__THE TASK__
From the line that contains "Model ten sprawdzi" down to the last line of the entries, repeat every line exactly. Do not carry over the pictures.
+++ DATA TO PROCESS
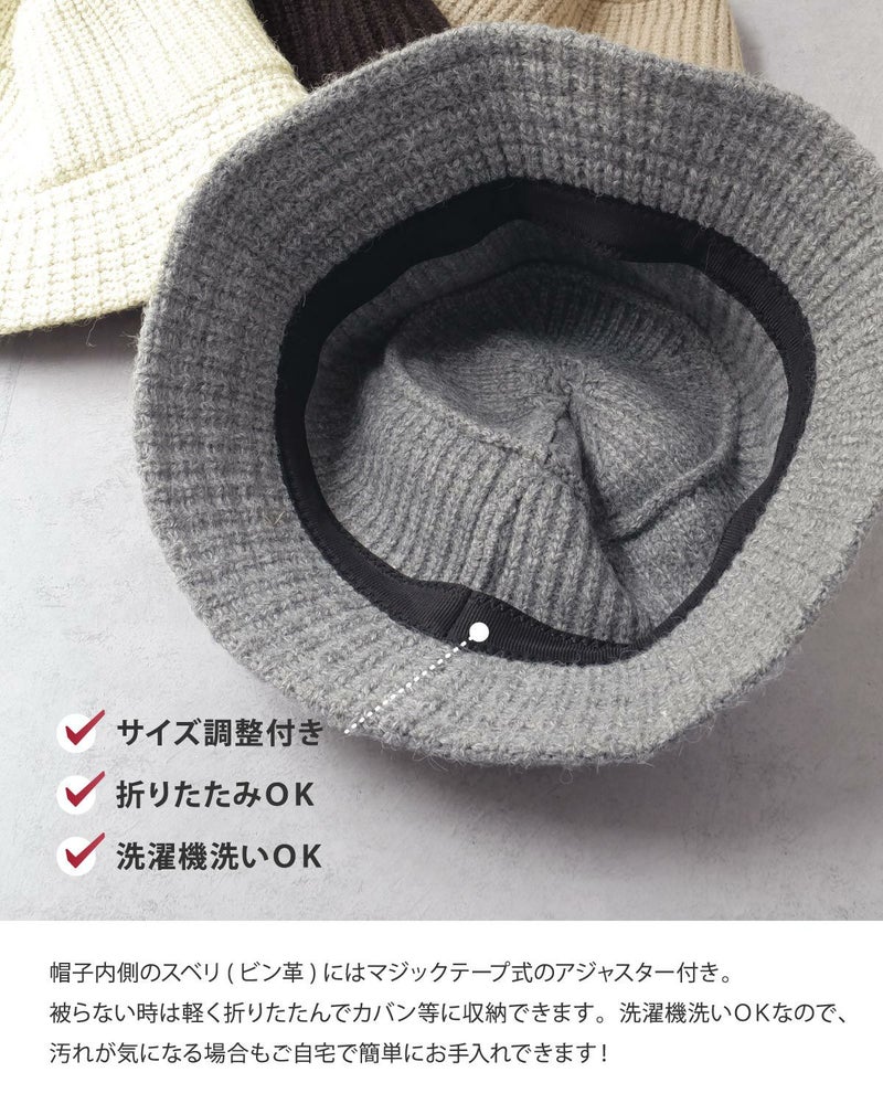 今や秋冬のスタイルに必須の、シンプルデザインのニットバケットハット。保温性に優れた柔らかいアクリル混素材を使用し、チクチクしにくい快適な着用感がポイント。ダウンスタイルのブリムは小顔効果が期待できます。折りたたみができるので持ち運びにもとっても便利。カラーバリエーションは性別や世代を問わず使いやすいベーシックカラーを揃え、頭まわりも60cmと余裕のあるサイズ感で、お好みに合わせてフィット感を調整できるようアジャスターが付属しています。洗濯機洗いOKなので、汚れが気になる場合もご自宅で簡単にお手入れしていただけます!
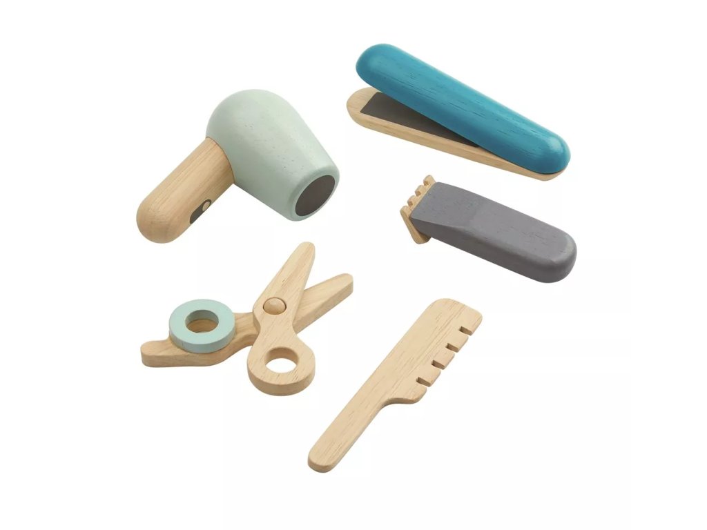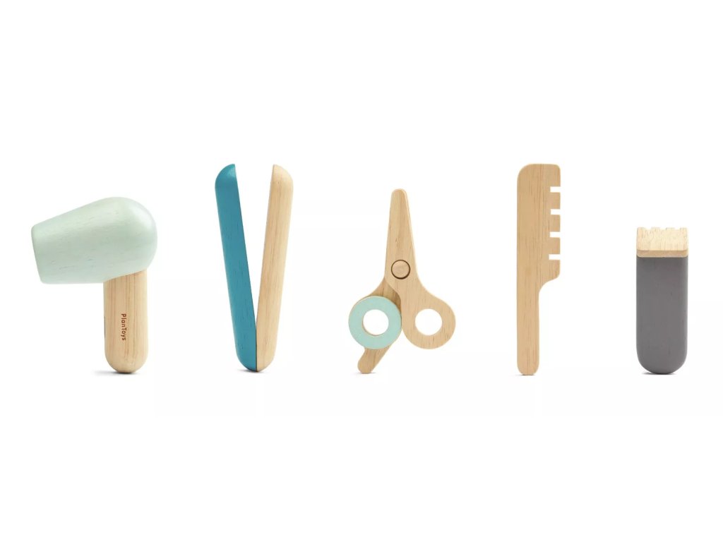 Interaktivni lesen set, namenjen igri frizerstva, ki spodbuja fino motoriko, koordinacijo, domišljijo in razvoj govornih spretnosti.
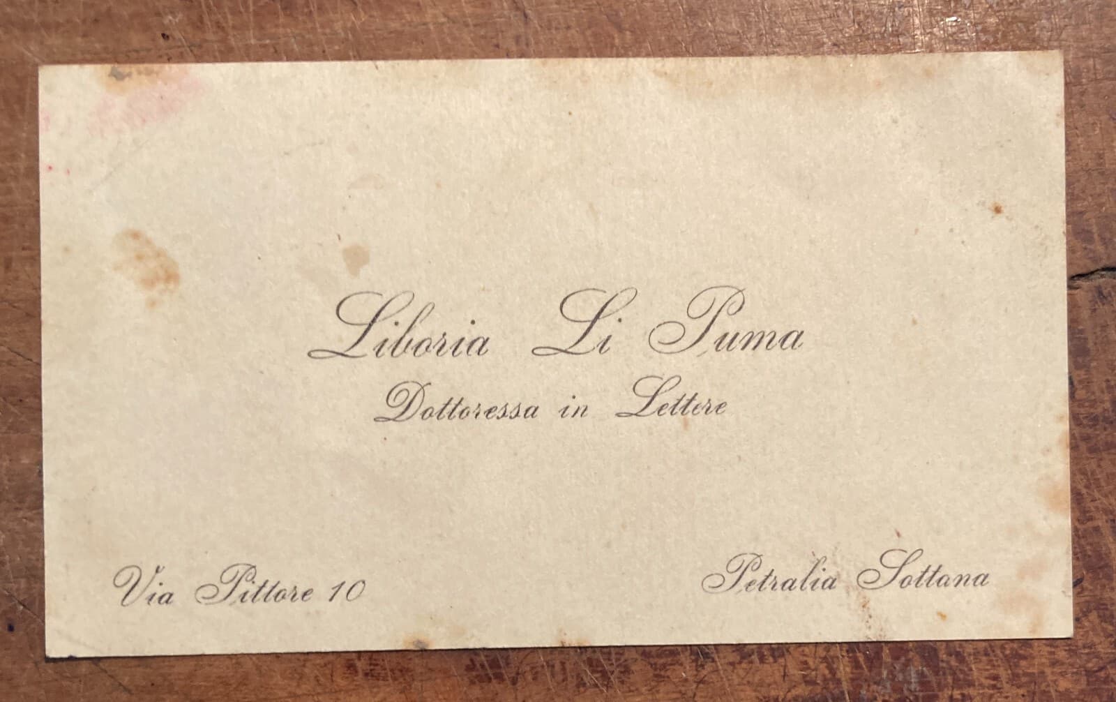 Sicilia, Petralia Sottana: Antico Biglietto Da Visita Liboria Li Puma
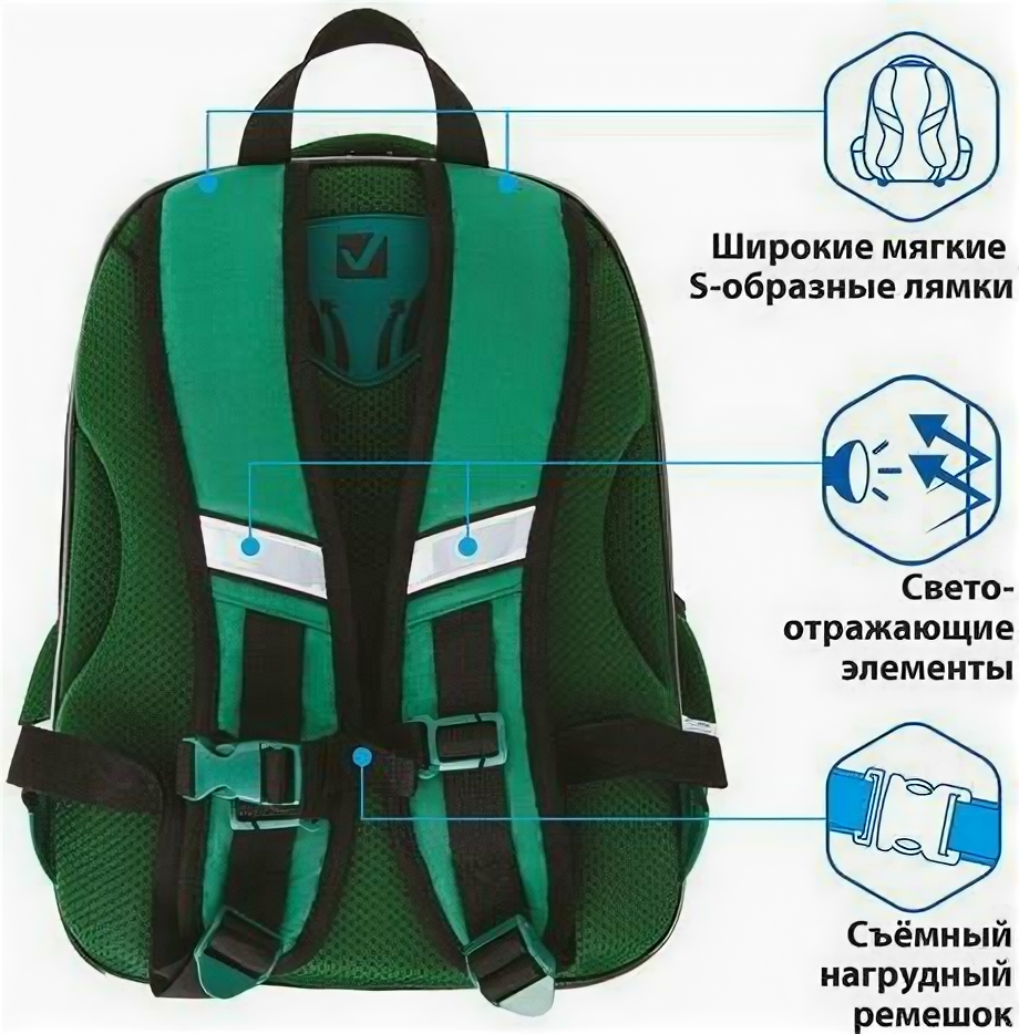 Ранец BRAUBERG Fire football 17 л зеленый информация:
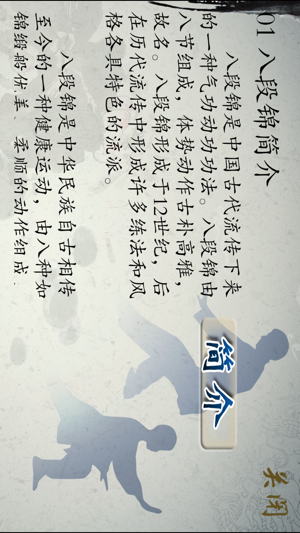 八段锦是一套动作优美、编排精炼、祛病健身效果俱佳的健身气功功法,它由八组如锦缎般优美、柔顺的动作组成,更是国术精华之集锦,对强健体魄、提升工作效率、延缓老化过程甚有帮助,从古至今深受人们的喜爱。 产品示范教学视频介绍了八段锦整套演练、功法内容、功法特点、动作讲解(动作要点、错误与纠正、功法作用)、全套动作示范等,并配有八段锦动作讲解的文字说明,便于理解。 八段锦示范视频具体包含以下内容。 01 整套演练 02 内容简介 03 功法特点 04 预备式 05 第一式 两手托天理三焦…
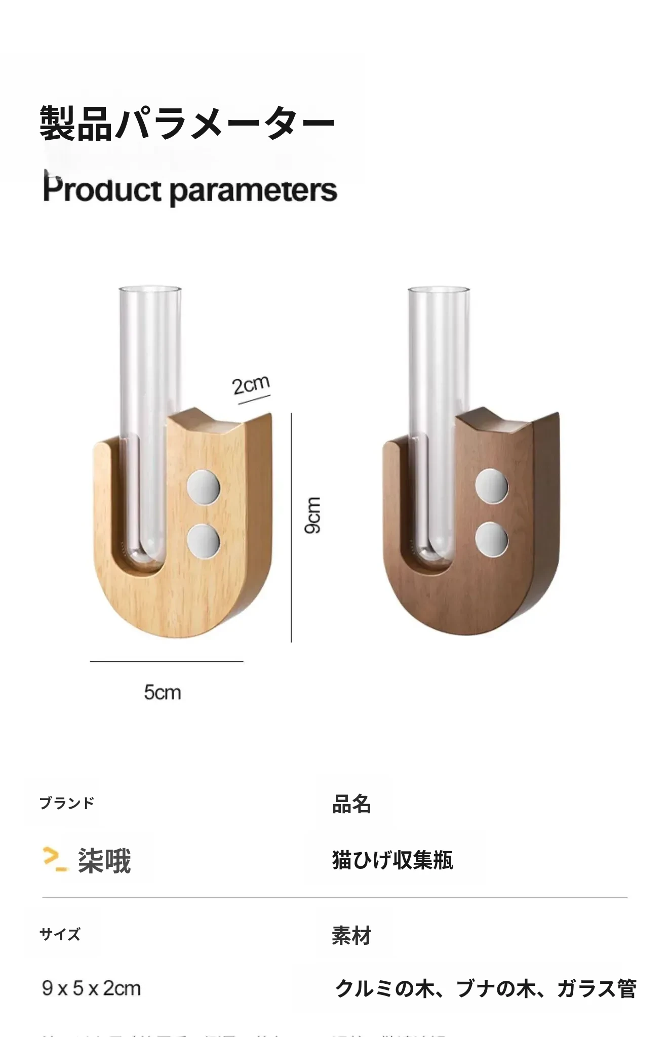 【ブナ】+【ブラックウォールナット】猫耳マグネットタイプ-収集瓶
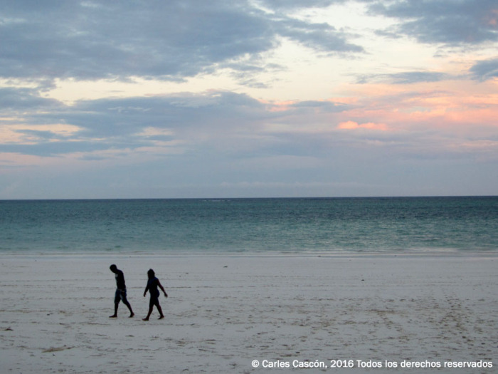 Contra todo pronóstico. Yo, que siempre he buscado islas pequeñas y alejadas del mundanal ruido para una mejor inmersión cultural, que me he dejado seducir por la tranquilidad de Ibo, Ilha de Moçambique o las Querimbas (en Mozambique), Wasini Island y el archipiélago de Lamu con sus pescadores bajuni y su tradición swahili (en Kenya), o Corisco (Guinea Ecuatorial)… no tenía grandes expectativas puestas en la turística Diani, con su larga estela de hoteles, bares y –me temía- demasiados beach boys. Pero África tienes estas cosas, te cautiva sin avisar.
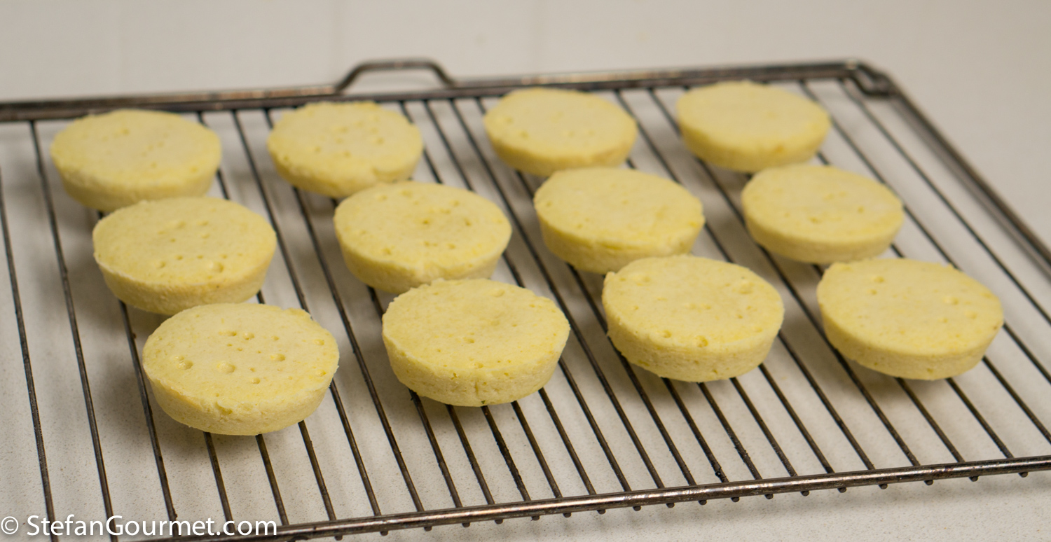 Bake at 160°C/320°F (fan forced) until a toothpick inserted in the center comes out clean, about 20 minutes. The cookies should not rise and should not brown (a little golden is nice though).
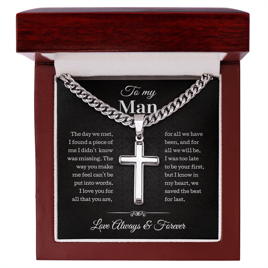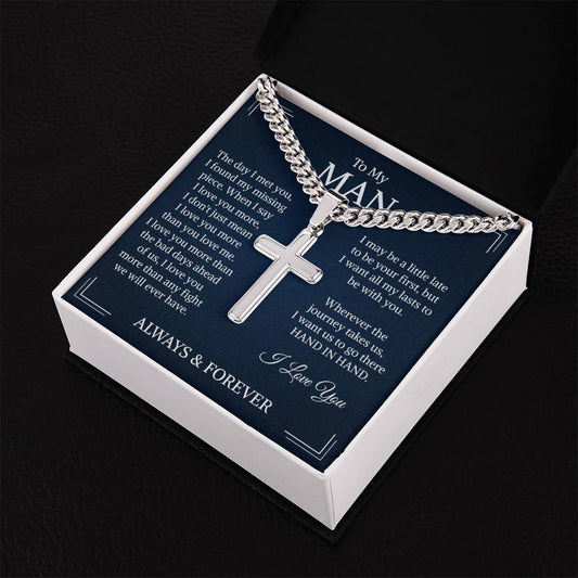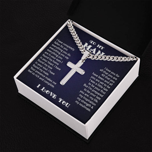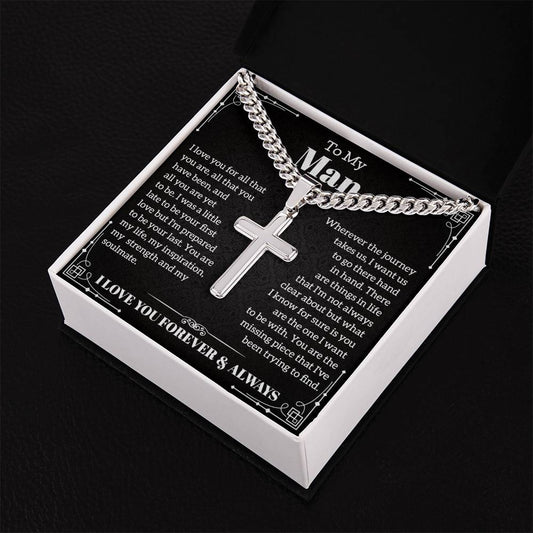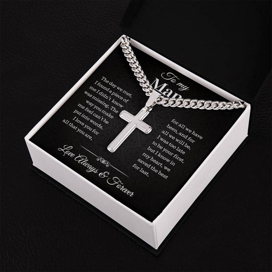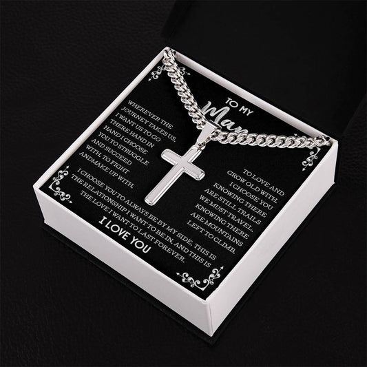 To My Man Cuban Chain with Artisan Cross Necklace Gift For Him, Gift For Husband, Jewelry Gift for Men, Boyfriend Birthday, Anniversary Gift For MenRegular price From $65.95 USDRegular priceUnit price / per$119.95 USDSale price From $65.95 USDSale
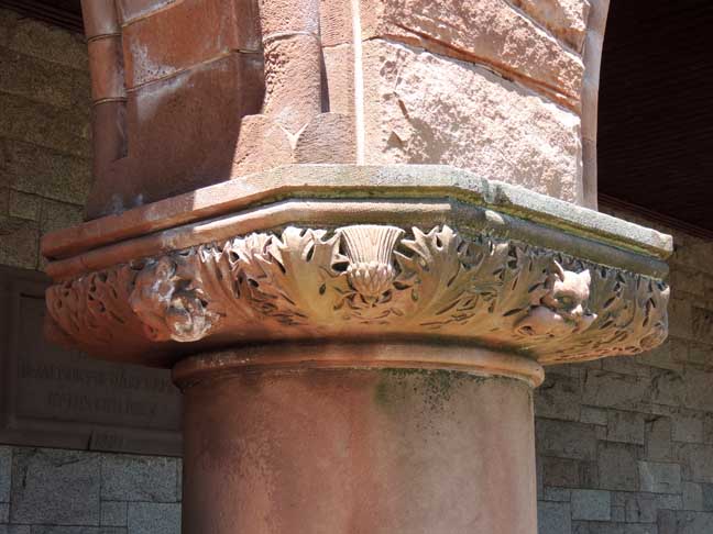 ![]() First floor. Capital: carved Scottish thistle, thistle leaves, and animal faces (next photo below;) ![]() First floor. Capital: animal face emerging from Scottish thistle leaves ![]() First floor. Capital: animal face emerging from Scottish thistle leaves |
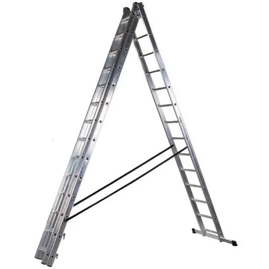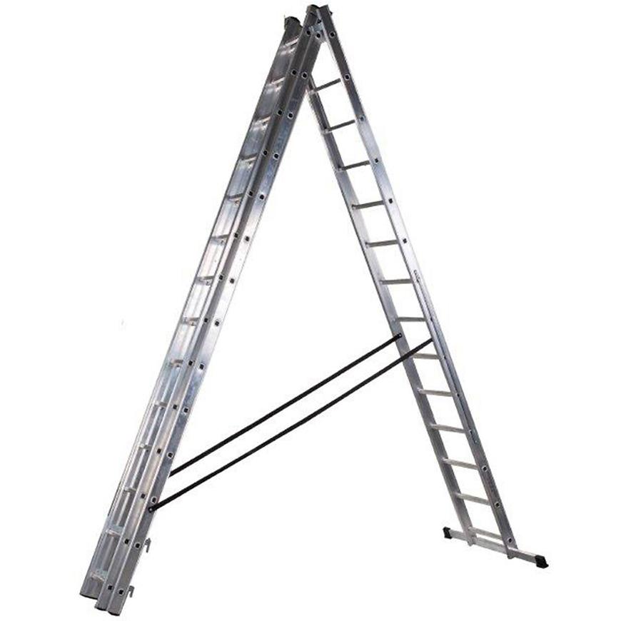 Model ten sprawdzi się jako drabina przystawna, rozkładana i rozsuwana, oferując szerokie możliwości zastosowania. Lekką, aluminiową konstrukcję uzupełniają solidne podłużnice, stalowe prowadnice malowane proszkowo oraz zapadkowe haki zabezpieczające, które chronią przed przypadkowym wypięciem elementów. Stabilność konstrukcji zwiększają taśmy zabezpieczające oraz szeroki stabilizator poprzeczny zapobiegający przewróceniu.
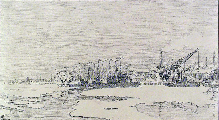 Интересна "тень" недостроенного корпуса на стапеле - по идее , это должен быть линкор.
++++++
__OUTPUT FOR THIS EXERCISE__
 Model ten sprawdzi się jako drabina przystawna, rozkładana i rozsuwana, oferując szerokie możliwości zastosowania. Lekką, aluminiową konstrukcję uzupełniają solidne podłużnice, stalowe prowadnice malowane proszkowo oraz zapadkowe haki zabezpieczające, które chronią przed przypadkowym wypięciem elementów. Stabilność konstrukcji zwiększają taśmy zabezpieczające oraz szeroki stabilizator poprzeczny zapobiegający przewróceniu.
 Интересна "тень" недостроенного корпуса на стапеле - по идее , это должен быть линкор.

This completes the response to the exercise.